Here's an image and text from the link posted above by Goodboys.

So what you're looking for is the plans that were shelved in 1916 by Canadian Northern - predecessor to CN.
Or revised CN plans initiated prior to the stock market crash in 1929 (which could be the existing station).

11_10b.jpg


Central Station c. 1945
C.N.R. freight station, Dorchester Street, Montreal, QC, c. 1945,
photographer: unknown. Notman Photographic Archives,
McCord Museum of Canadian History, Montreal. MP-1976.262.30


In the very early 20th century, when Canadian Northern built a trans-Canadian railway system to compete with the CP network, it needed a way of reaching the heart of Montreal. All access was blocked to it, however. Then, in 1911, the company surprised everyone with the announcement that it would be digging a five-kilometre tunnel under Mount Royal. It also planned to build a long viaduct in the southwest part of the city, with tracks in a trench extending to the upper town, where they would meet up with the tracks from the tunnel. There the company would build a railway station, along with an enormous office complex.
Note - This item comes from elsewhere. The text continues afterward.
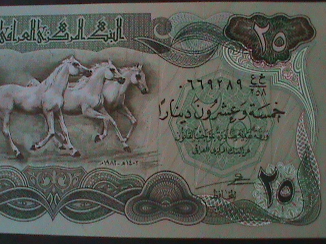 Iraq-central bank of iraq-25 dinars-un circulated-small horses bank note-paterm-4-vfWe Ship to Worldwide.

The tunnel was completed in 1916, but because of financial difficulties the company was able to build only a temporary station; the rest of its plans were shelved. In 1918, the federal government took over Canadian Northern, and in 1923, Grand Trunk. The new railway company it created, Canadian National (CN), decided to pursue and even expand on the project launched by Canadian Northern. It excavated a huge area, but the crash of 1929 put real-estate projects on hold. The viaduct leading to the downtown area was completed, however, as well as a new railway station (1938 to 1943), above the tracks. Cars and trucks were provided with separate access ramps, a distinctly modern touch. Inside, passengers reached the fifteen tracks via escalators from the concourse.
 
Re: Central Station

That's the one that was built, starting in 1938. I'm looking for the design that was shelved after the 1929 crash.